# Problem to solve
For the records that follow, restate each one word for word and leave the images behind.

# Saved entries
··········

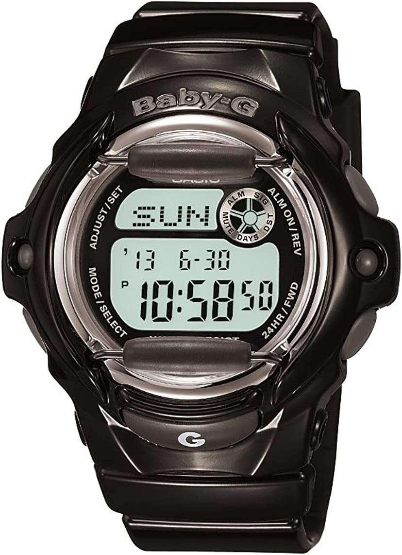 The face of this 200-meter water-resistant Baby-G model features eye-catching vivid color. A metal ring combines with a face protector to create a face that is dynamic, yet classic Baby-G. The wire face protectors on the case allow for worry-free wear at the beach, pool, or in other high-activity areas. Features include day counter, world time, tele-memo, and other functions that come in handy throughout the day.
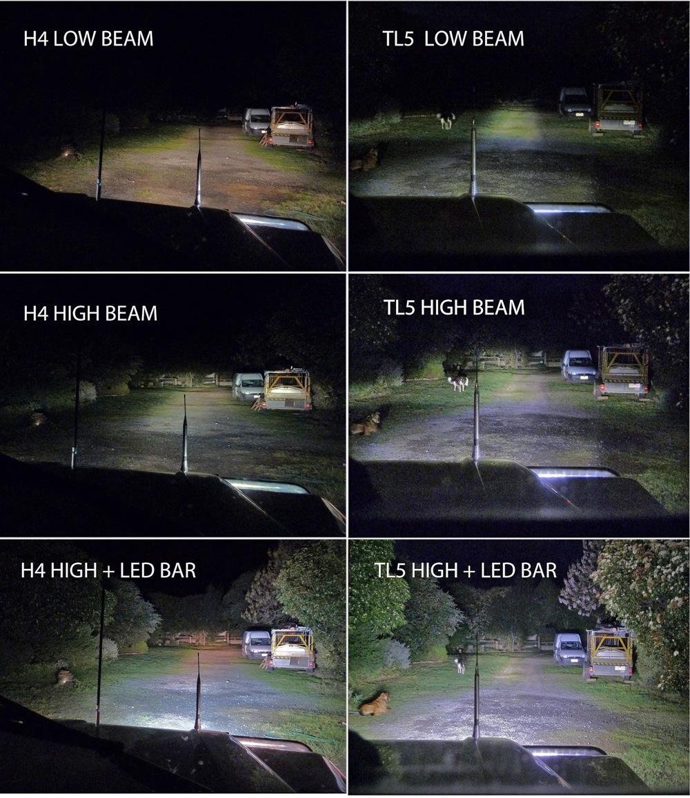 Wow goingbush, that's impressive, I don't think my high beam is as good as the TL4 low beam. Do you mind if I ask how much they are, where you got them and what size led bar you have? I have a couple of rusty old spotties at the moment I was thinking of replacing with a candle.
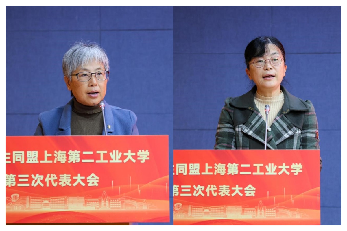民盟浦东区委副主委、浦东新区红十字会监事长潘成英,民建上海第二工业大学支部主委郑佩芸,分别代表民盟浦东区委和兄弟党派对本次大会的顺利召开表示祝贺。
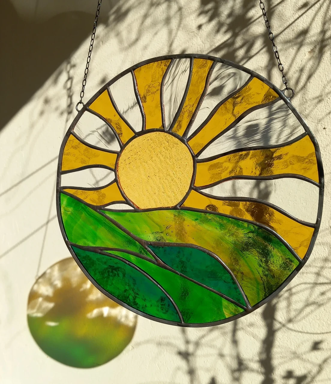 Materjal: värviline klaas, jootetina, tinaprofiil, must paatina, kaasas riputuskett
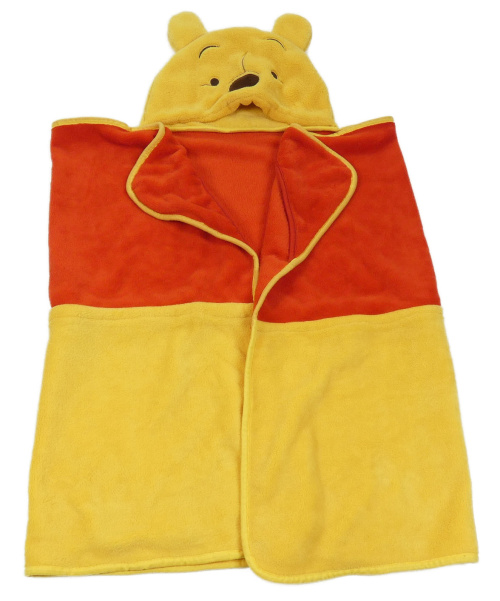 • Hořčicovo-červená plyšová zavinovací deka s kapucí - Medvídek Pú
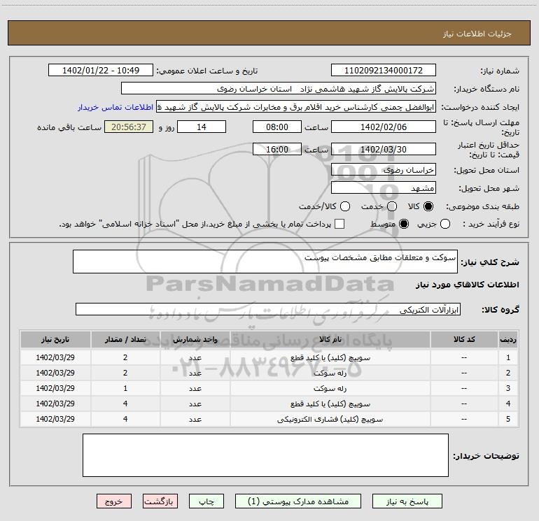 شرح کلی نیاز: سوکت و متعلقات مطابق مشخصات پیوست
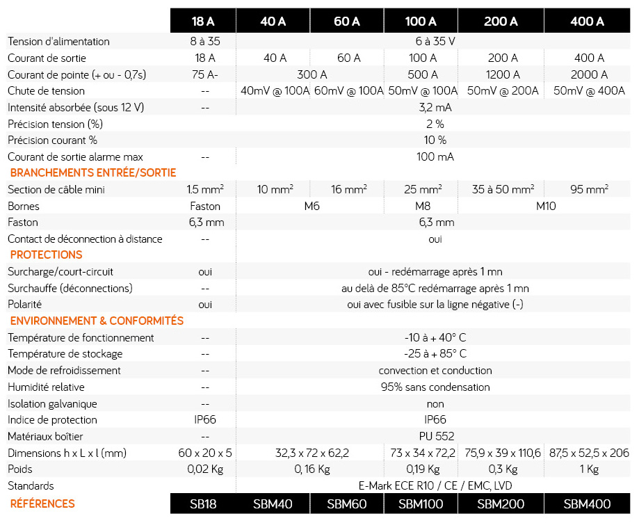 • Les SBM sont dotés d’un micro-processeur qui permet d’obtenir de nombreux seuils de connexion et déconnexion (20 au total). Ils détectent automatiquement la tension sous laquelle fonctionne votre système 12 V ou 24 V. Cinq modèles échelonnés de 40 à 400 A vous permettront de trouver la sauvegarde batterie adaptée à votre application.
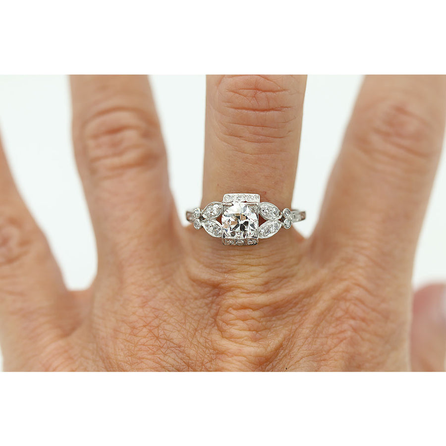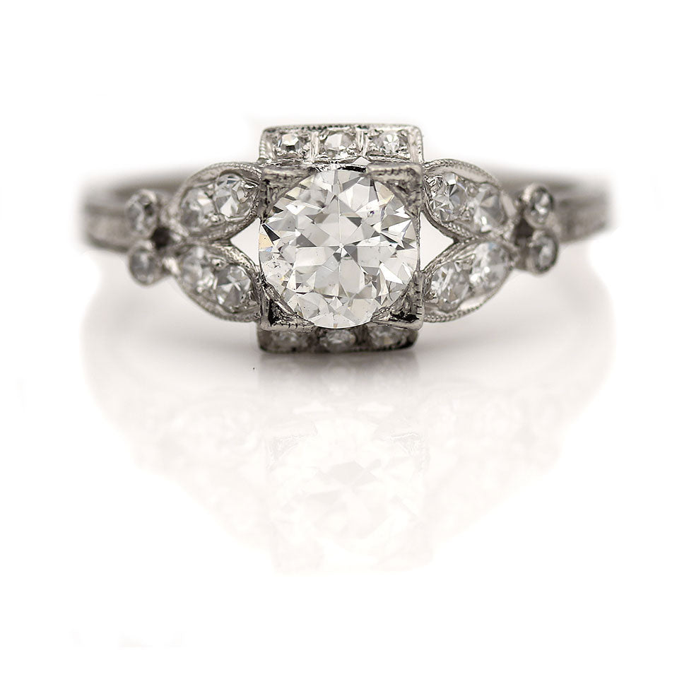 The Suzie Q ring is an authentic vintage diamond engagement ring from the Art Deco era, circa 1930s. This ring features an impressive .87 carat old European cut diamond with GIA report stating I color and VS2 clarity. This diamond resides within a square frame, flanked by a delicate split shank and eighteen (18) single cut diamond accents. Beautifully crafted in platinum, and accentuated with delicate milgrain and filigree engravings. A timeless vintage piece, in very good condition.
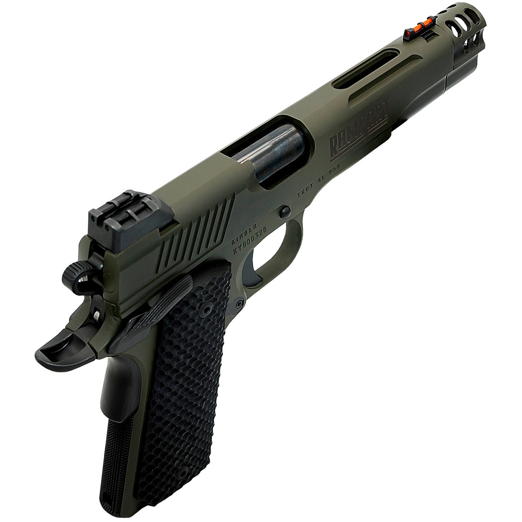 The Kimber Rampart in .38 Super is a high-performance 1911 pistol designed for smooth, flat shooting with enhanced control. It features a 5-inch match-grade barrel with a ported channel and a patent-pending compensator that reduces muzzle rise, providing excellent accuracy and stability. Finished in OD Green Cerakote, this pistol includes Black Lok Custom Boggy G-10 grips and lightening cuts for faster lockup, with Raptor serrations for a firm grip. Outfitted with HIVIZ 3-dot sights, ambidextrous safety, and a 9-round capacity, the Rampart in .38 Super delivers both reliability and style for enthusiasts seeking precision.

··········

# Solution for this problem
 The face of this 200-meter water-resistant Baby-G model features eye-catching vivid color. A metal ring combines with a face protector to create a face that is dynamic, yet classic Baby-G. The wire face protectors on the case allow for worry-free wear at the beach, pool, or in other high-activity areas. Features include day counter, world time, tele-memo, and other functions that come in handy throughout the day.
 Wow goingbush, that's impressive, I don't think my high beam is as good as the TL4 low beam. Do you mind if I ask how much they are, where you got them and what size led bar you have? I have a couple of rusty old spotties at the moment I was thinking of replacing with a candle.
民盟浦东区委副主委、浦东新区红十字会监事长潘成英,民建上海第二工业大学支部主委郑佩芸,分别代表民盟浦东区委和兄弟党派对本次大会的顺利召开表示祝贺。
 Materjal: värviline klaas, jootetina, tinaprofiil, must paatina, kaasas riputuskett
 • Hořčicovo-červená plyšová zavinovací deka s kapucí - Medvídek Pú
 شرح کلی نیاز: سوکت و متعلقات مطابق مشخصات پیوست
 • Les SBM sont dotés d’un micro-processeur qui permet d’obtenir de nombreux seuils de connexion et déconnexion (20 au total). Ils détectent automatiquement la tension sous laquelle fonctionne votre système 12 V ou 24 V. Cinq modèles échelonnés de 40 à 400 A vous permettront de trouver la sauvegarde batterie adaptée à votre application.
 The Suzie Q ring is an authentic vintage diamond engagement ring from the Art Deco era, circa 1930s. This ring features an impressive .87 carat old European cut diamond with GIA report stating I color and VS2 clarity. This diamond resides within a square frame, flanked by a delicate split shank and eighteen (18) single cut diamond accents. Beautifully crafted in platinum, and accentuated with delicate milgrain and filigree engravings. A timeless vintage piece, in very good condition.
 The Kimber Rampart in .38 Super is a high-performance 1911 pistol designed for smooth, flat shooting with enhanced control. It features a 5-inch match-grade barrel with a ported channel and a patent-pending compensator that reduces muzzle rise, providing excellent accuracy and stability. Finished in OD Green Cerakote, this pistol includes Black Lok Custom Boggy G-10 grips and lightening cuts for faster lockup, with Raptor serrations for a firm grip. Outfitted with HIVIZ 3-dot sights, ambidextrous safety, and a 9-round capacity, the Rampart in .38 Super delivers both reliability and style for enthusiasts seeking precision.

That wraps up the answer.